Abolishing the Department of Education

Republicans have long called for the Department of Education to be dismantled, and that recommendation was also made in Project 2025, which declared that "federal education policy should be limited and, ultimately, the federal Department of Education should be eliminated."

Mr. Trump took steps to begin that process with an executive order he signed in March. The administration has already cut the Education Department's staff and is making plans to move some of its functions to other agencies.

Shuttering the Department of Education, however, would require an act of Congress.

Ending diversity, equity and inclusion practices

The president frequently rails against diversity, equity and inclusion, or DEI, practices, and he signed an executive order on the day he returned to the White House ending all DEI programs within the federal government.

Mr. Trump claimed in his order that DEI policies can violate federal civil rights laws and shut out Americans "who deserve a shot at the American dream" because of their race or sex.

Project 2025 likewise calls for the "DEI apparatus" at a variety of agencies to be dismantled.

Project 2025's policy book also calls for deleting a variety of terms, including DEI, abortion and gender equality "from every federal rule, agency regulation, contract, grant, regulation, and piece of legislation that exists."

Some of the Trump administration's early efforts to purge mentions of gender or race resulted in missteps that prompted a public outcry and were later reversed.

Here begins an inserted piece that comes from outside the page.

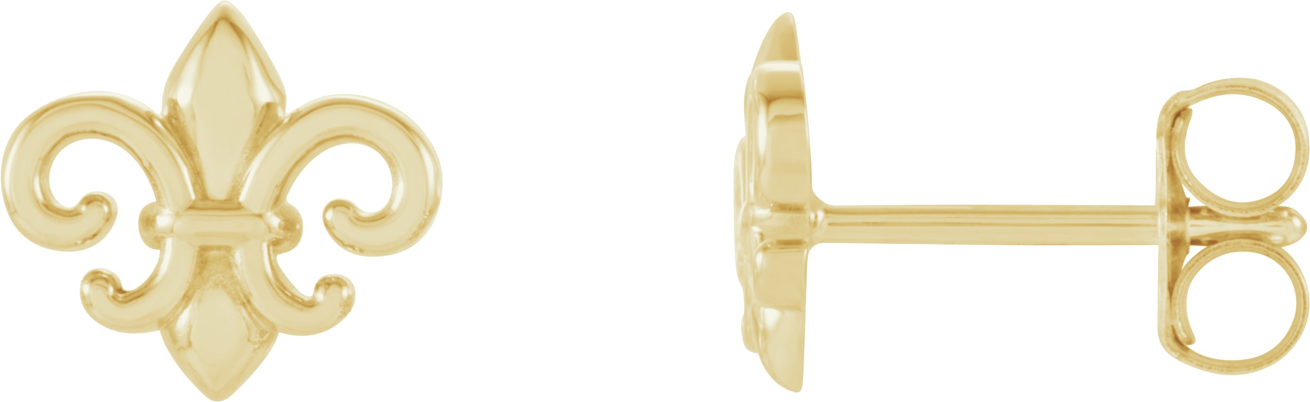 28615 / Earring / 14K Yellow / 8.2 X 7.4 Mm / Pair / Friction Backs Included / Polished / Fleur-De-Lis Earrings

Shifting FEMA costs to the states

Shortly after the start of his second term, Mr. Trump established a review council to advise him on the ability of the Federal Emergency Management Agency, or FEMA, "to capably and impartially address disasters occurring within the United States." The council will also advise the president on recommended changes related to FEMA, his order states.

Mr. Trump's directive came after he suggested that he could "get rid" of FEMA and leave disaster response management to the states.

"That's what states are for, to take care of problems," he said in late January.

Mr. Trump also signed an executive order in March that declares it is the policy of the U.S. that "state and local governments and individuals play a more active and significant role in national resilience and preparedness," and says that his administration will "enable state and local governments to better understand, plan for and ultimately address the needs of their citizens."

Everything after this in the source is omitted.